When it came to acting neutral, he walked the walk, displaying efficiency at stuffing emotions that I’ve rarely seen. But then he began outlining how we could work together on my business. Translation: he still wanted me as a paying client. I politely explained that I wanted to learn how to grow a business from someone who actually had a successful business.
“You don’t need to learn from someone who has a big business,” he said. “Just someone who knows how to coach.”
“We’ll have to agree to disagree.”
Break-ups are hard. When we ended our Skype call, I left the door open for us to train “Push Hands” in person. Push Hands is a gentle martial art and he was a master at it. But then my wife gave me a dose of reality. She pointed out how chummy I sounded with Tom on the call. Even as I started to end the relationship, I had fallen back into the “guru and follower” dynamic. She helped me realize I couldn’t in good conscience show up to train with him as if he were anything other than a robotic garbage dumpster.
A day later, I emailed Tom, writing that I didn’t even want to do Push Hands. I’d also paid for a retreat he never put on because – I’m pretty sure – I was the only student who’d bought a ticket. I asked for my money back.
It gets more eerie.
Before I ended my coaching from Tom, I heard bits and pieces from Nina, as if she were trying to whisper a rescue signal. She said she had adrenal burnout and chronic fatigue because she’d worked so hard to maintain the house and financially support Tom.
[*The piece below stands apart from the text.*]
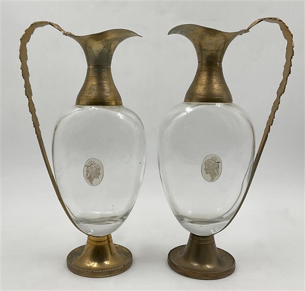 Lotto 1450 | Coppia di caraffe con corpo in vetro decorato da profilo femminile entro riserv

Tom wrote back that he couldn’t refund me all at once. Nina was diagnosed with breast cancer and he was supporting her through it. He needed to make payments.
At the time of this writing, he’s still making monthly payments to me. At least he’s doing it – I’ll credit him for that. But a coach doesn’t need to be pure Darth Vader to be a bad coach. They can have good qualities yet still be horribly inappropriate for you.
Sometimes, I think about Nina and hope she got out.
But as I said last night as I shared her story with my wife and three of her friends as we gathered around our backyard fire pit, “She’s probably still with him, paying his mortgage.” I hope not. But I also know that when someone’s suffering, I can’t help unless they’re open to receive help.
It’s tough to find a good teacher, whether for your spiritual development or growing a business. The best teachers will trigger you. They might trigger you because they’re perfect for your growth or because your gut recognizes their wrongness.*
Tune into your gut. When your conscious mind screams, “Oh, hell no!” but your gut whispers that you need this, then you’ve probably found the right teacher. When your conscious mind says, “Well, I guess so…” but your gut whispers this ain’t good, strap on your Under Armor and run the other way.
If your gut intuitions and your conscious mind haven’t been on speaking terms lately, here are some ways to mend the relationship:
- How do you feel after your training?
After sessions with Tom, I felt mentally scattered and physically drained. I figured it was because the training was pushing me. But the truth was that Tom was draining me. So how do you tell the difference? This brings us to…
- How does your life improve long-term? Can you confirm any improvements because of what the teacher delivers to you?
If you feel like crap after a training session, don’t toss aside the training. Measure how you change over time before you decide, “To be or not to be.”
- What are the other students like?
Some of Tom’s students were nice, engaging people, but almost half of them seemed… off. I didn’t pay this much heed until I got to Monterey and felt how happy and alive the students of this true teacher were. They looked like a string of Christmas tree lights. Tom’s live events, by comparison, felt like awkward lunch dates at a morgue.
Don’t berate yourself if you commit to learn from a teacher who turns out to be bad. You got a lesson in what to avoid and what you’ve already grown past. Let the teacher go. Don’t berate yourself if letting go is hard and you need a few attempts. I needed to let go twice. Then, when you’re free of your old teacher, you can find the right one for you.
*Getting gut signals like that, and learning from them, is also perfect for your growth.